- [Instructions for the task]
Copy exactly. Begin at the line containing "возрасте характеризуется непроизвольностью, хотя" and stop at the last line of the entries, omitting any pictures.

----------

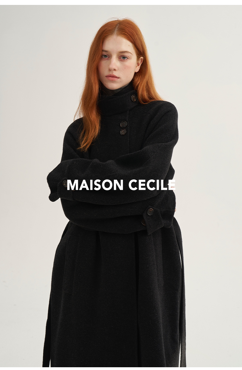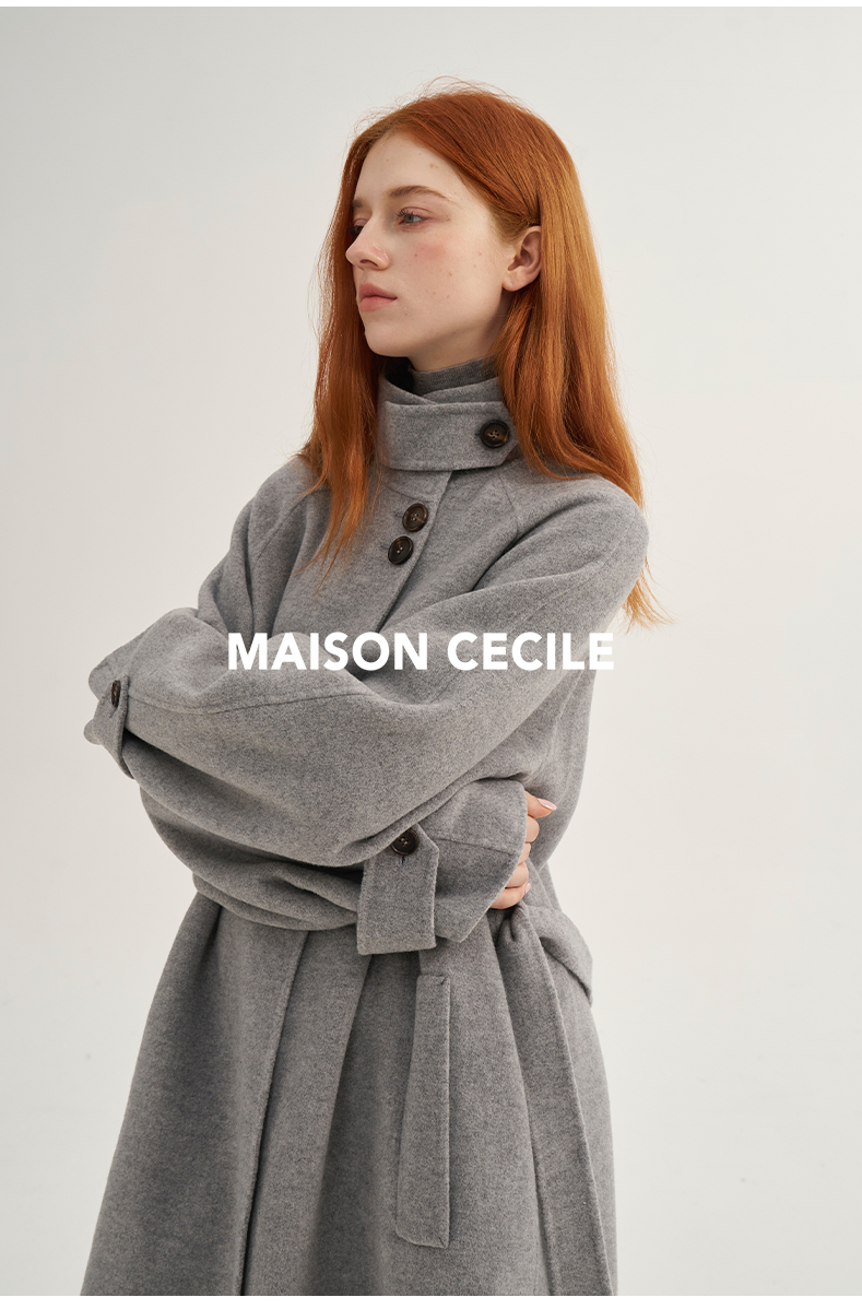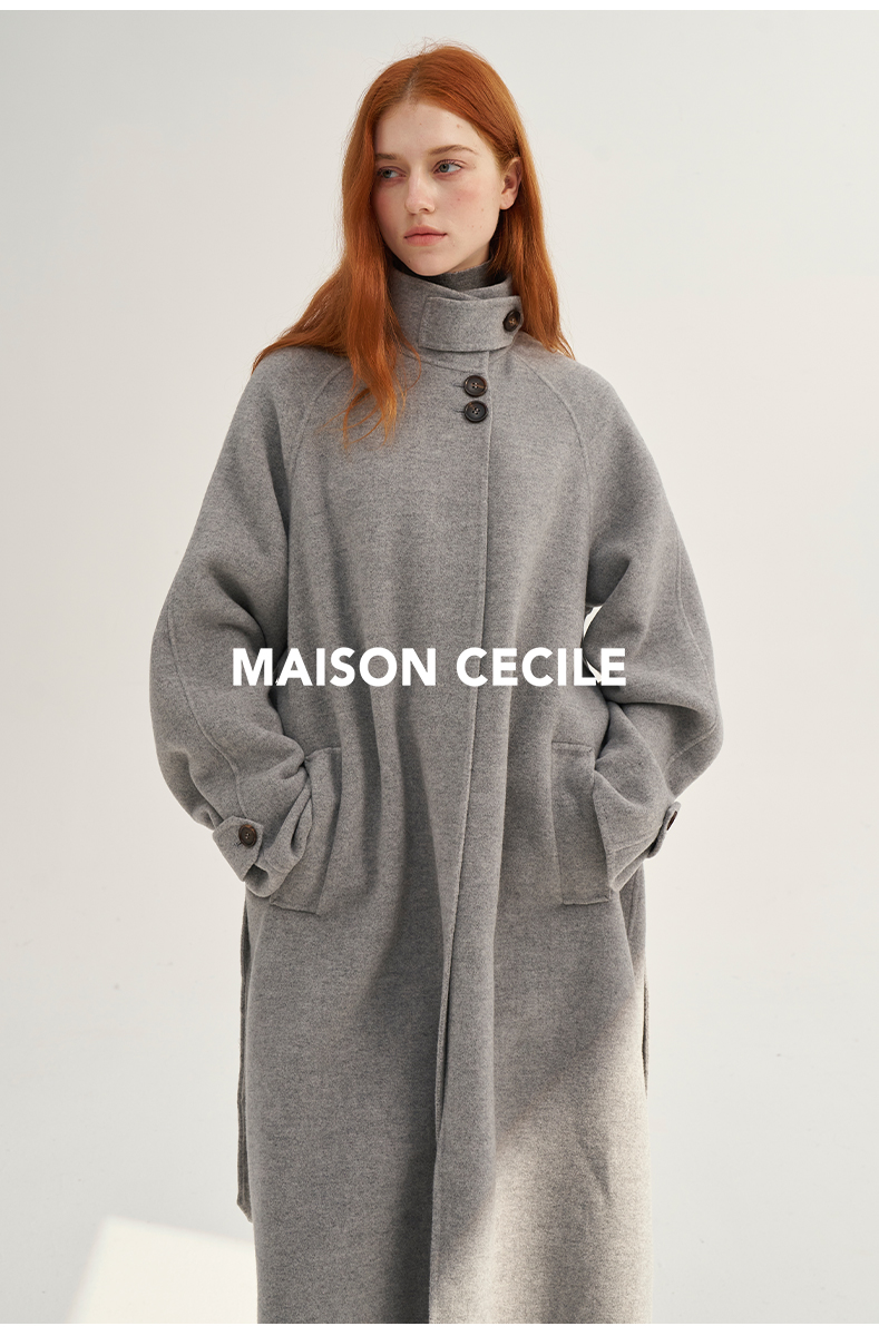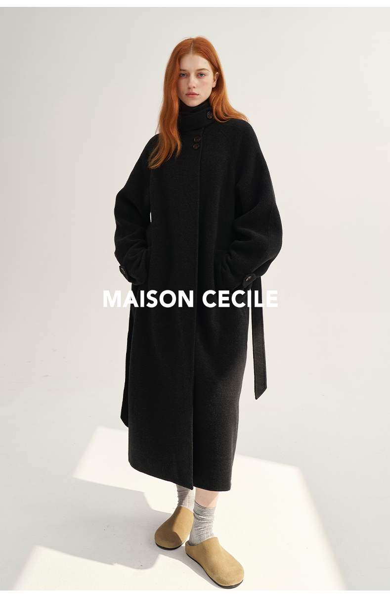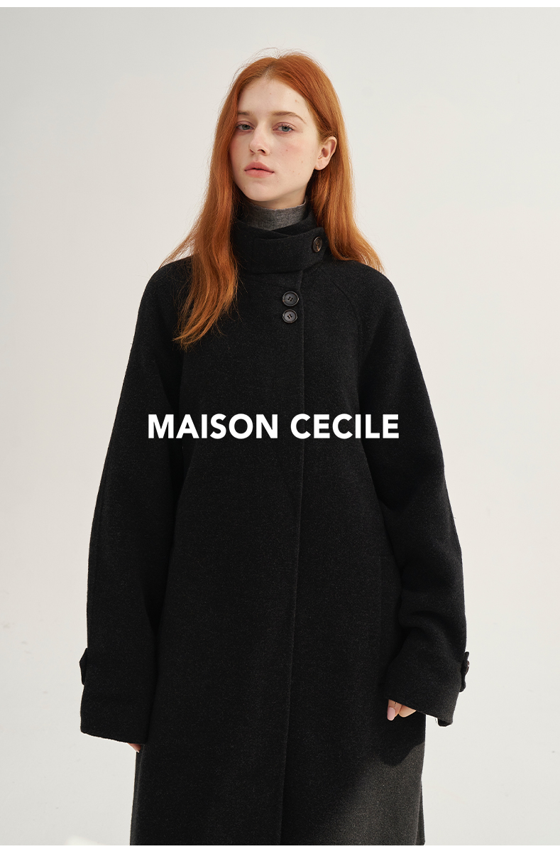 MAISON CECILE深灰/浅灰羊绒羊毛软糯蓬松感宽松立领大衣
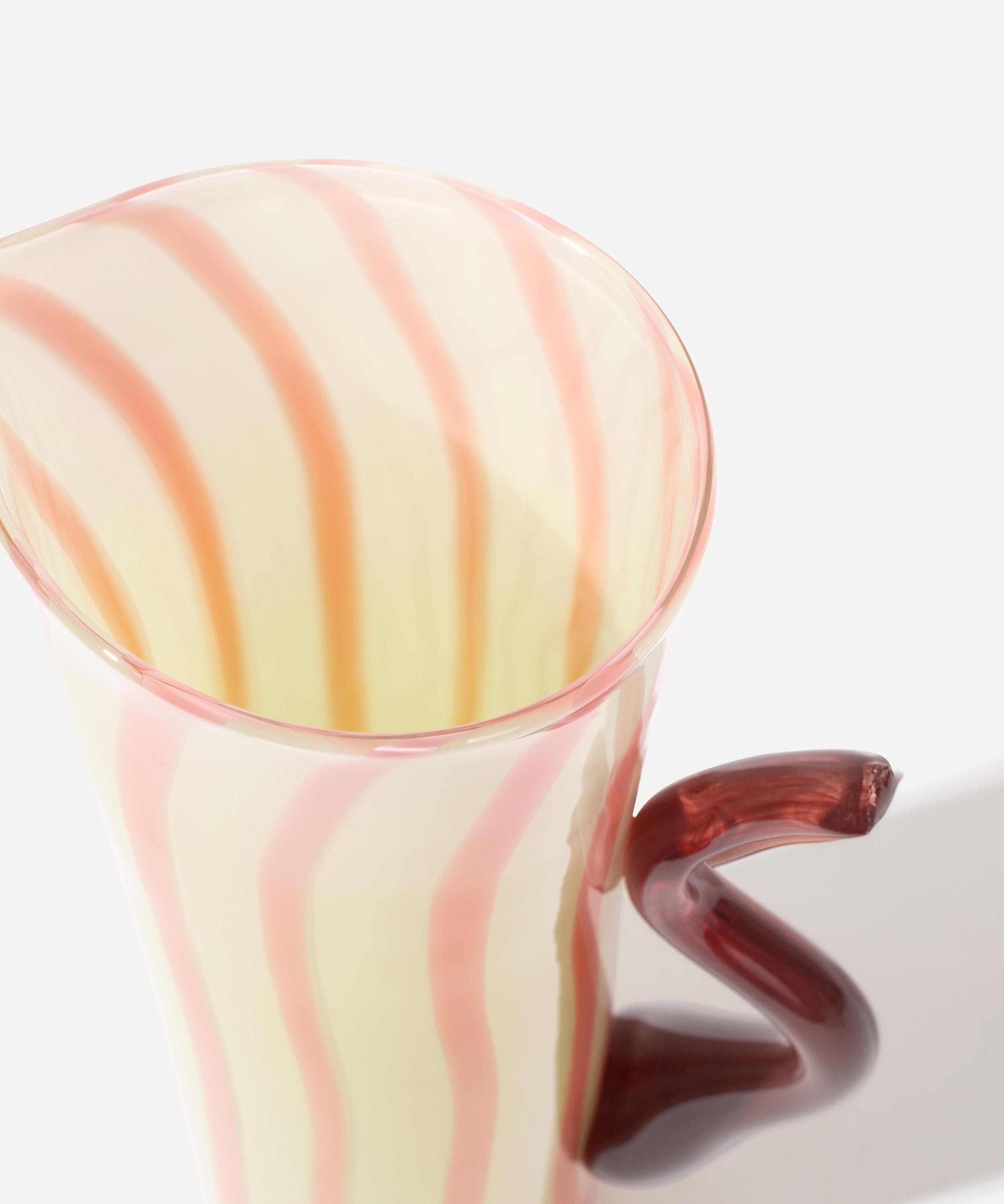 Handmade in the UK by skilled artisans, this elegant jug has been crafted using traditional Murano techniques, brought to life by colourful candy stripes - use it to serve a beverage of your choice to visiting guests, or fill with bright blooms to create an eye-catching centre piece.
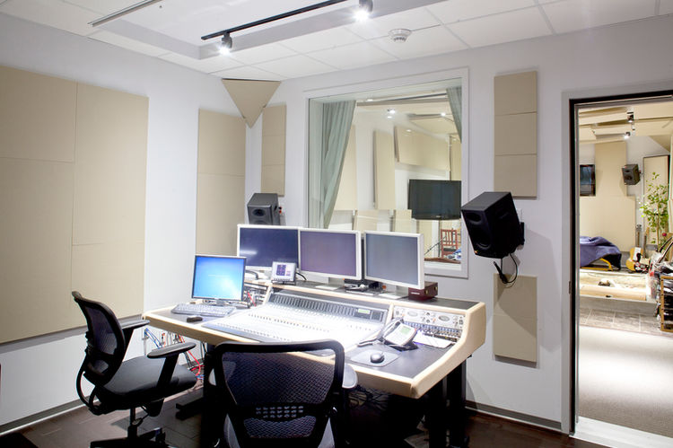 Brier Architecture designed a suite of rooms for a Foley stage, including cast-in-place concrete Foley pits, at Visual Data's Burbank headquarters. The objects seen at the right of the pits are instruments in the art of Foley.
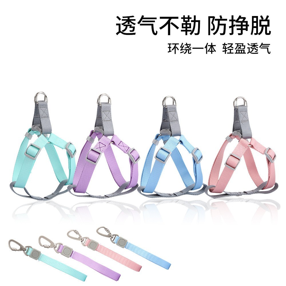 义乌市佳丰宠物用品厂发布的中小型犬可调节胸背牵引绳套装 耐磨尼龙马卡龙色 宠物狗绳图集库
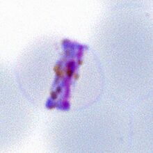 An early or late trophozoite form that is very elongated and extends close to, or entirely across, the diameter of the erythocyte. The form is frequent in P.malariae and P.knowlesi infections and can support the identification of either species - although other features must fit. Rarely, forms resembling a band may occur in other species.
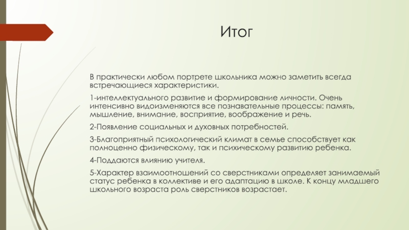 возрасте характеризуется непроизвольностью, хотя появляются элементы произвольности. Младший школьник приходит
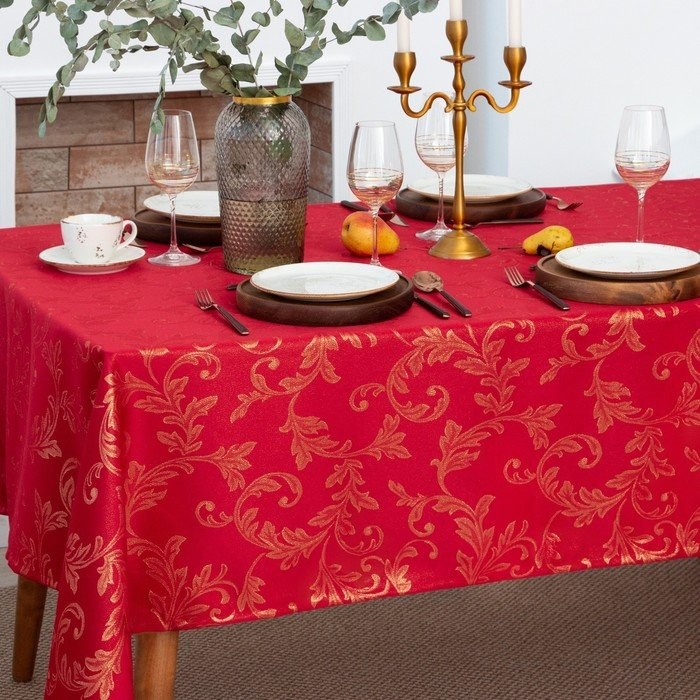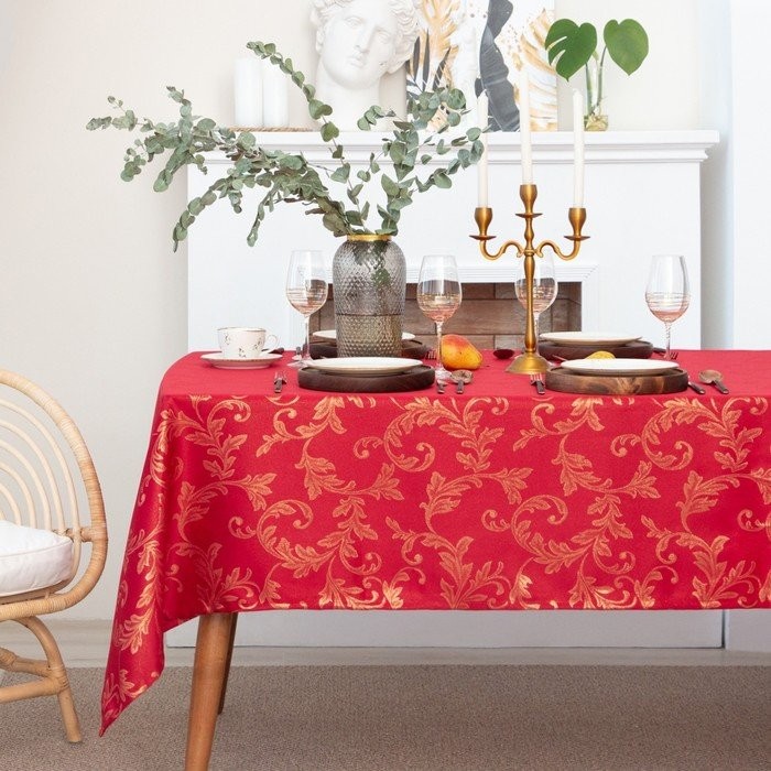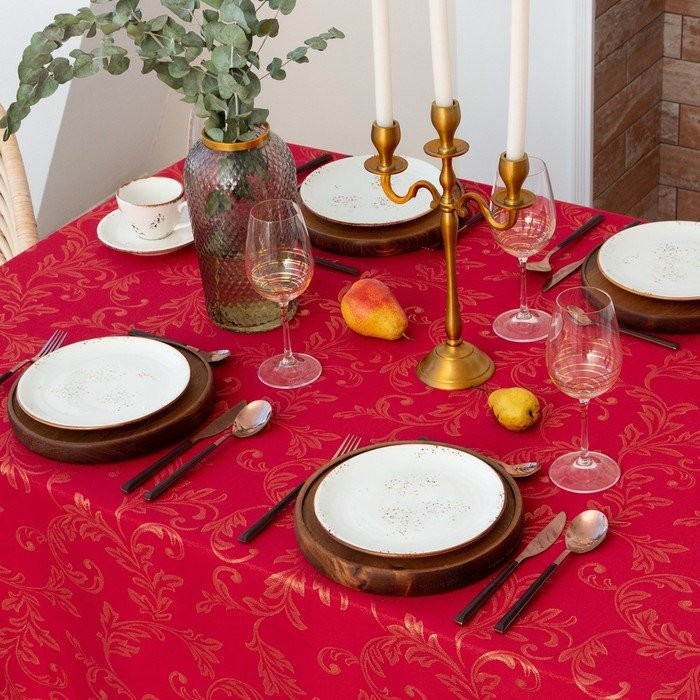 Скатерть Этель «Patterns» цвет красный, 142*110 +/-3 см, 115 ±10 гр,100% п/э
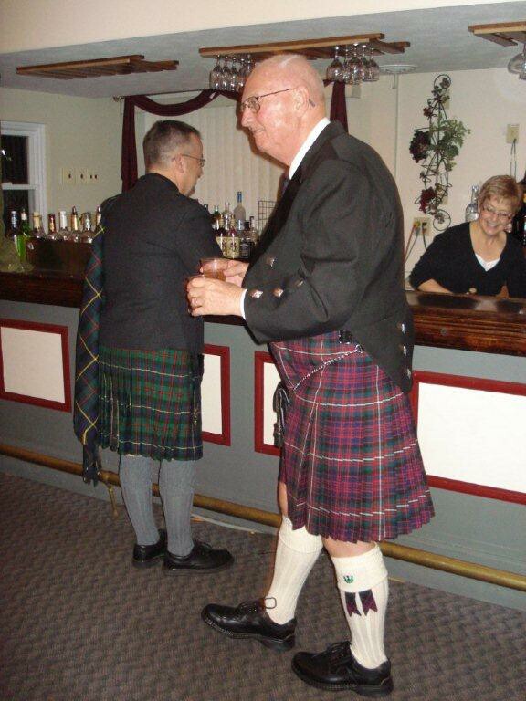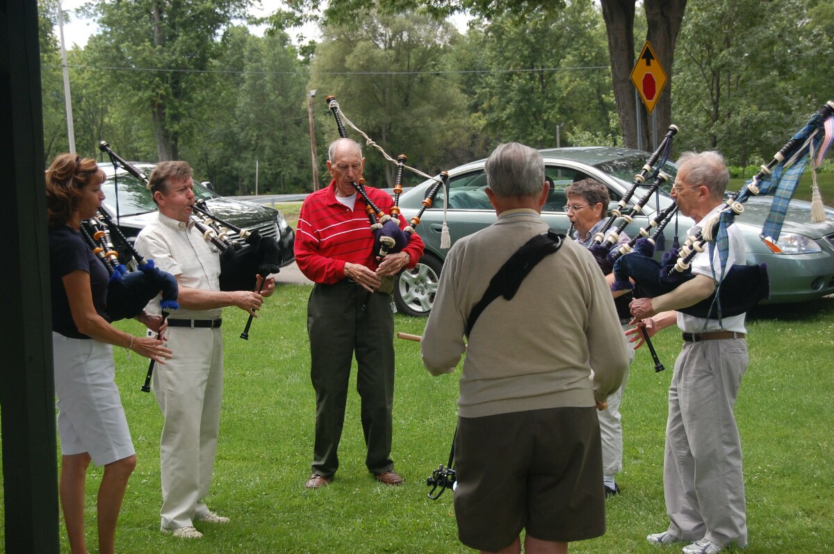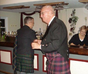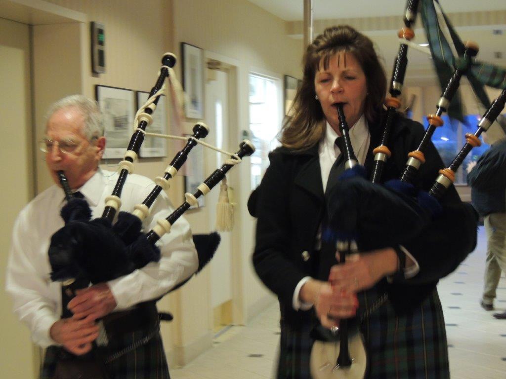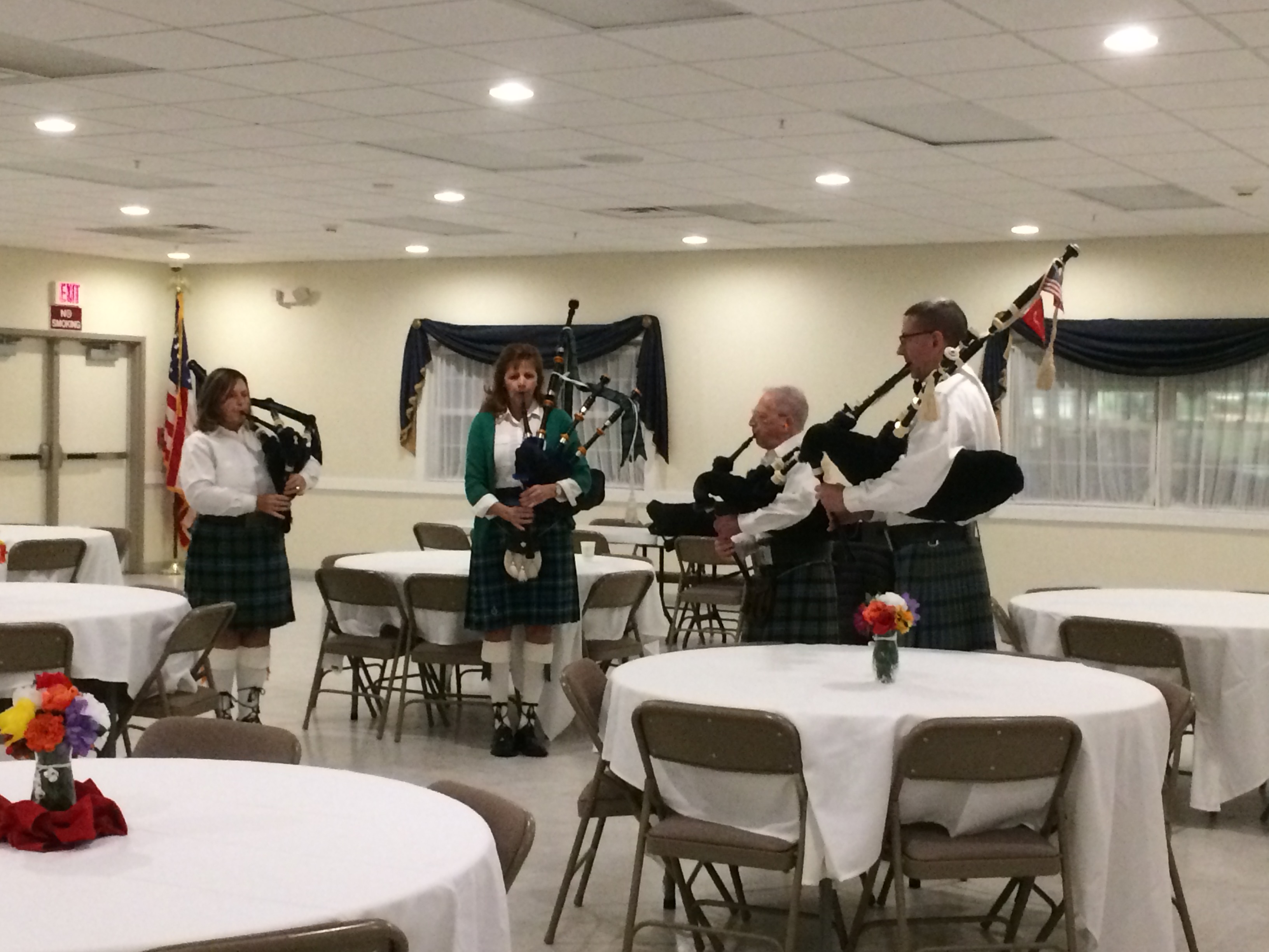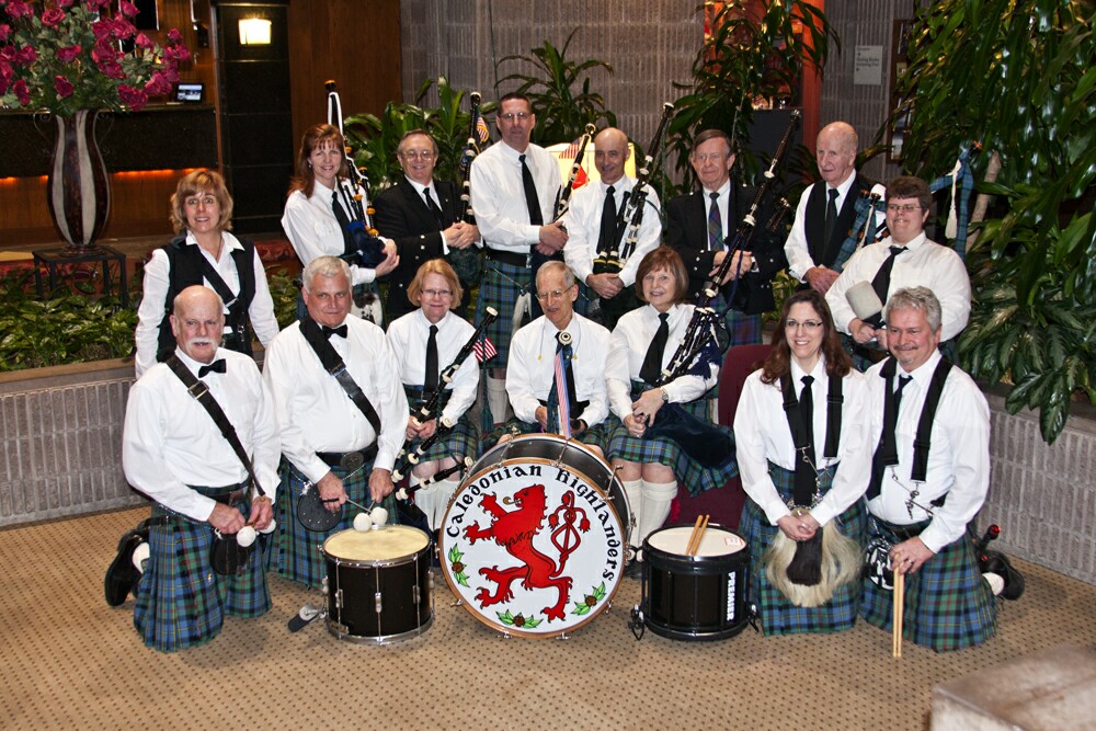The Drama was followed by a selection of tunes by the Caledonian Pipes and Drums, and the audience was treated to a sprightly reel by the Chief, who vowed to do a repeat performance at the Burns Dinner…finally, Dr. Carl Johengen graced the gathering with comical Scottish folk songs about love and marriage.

----------

- [Completed exercise]
 возрасте характеризуется непроизвольностью, хотя появляются элементы произвольности. Младший школьник приходит
 Скатерть Этель «Patterns» цвет красный, 142*110 +/-3 см, 115 ±10 гр,100% п/э
The Drama was followed by a selection of tunes by the Caledonian Pipes and Drums, and the audience was treated to a sprightly reel by the Chief, who vowed to do a repeat performance at the Burns Dinner…finally, Dr. Carl Johengen graced the gathering with comical Scottish folk songs about love and marriage.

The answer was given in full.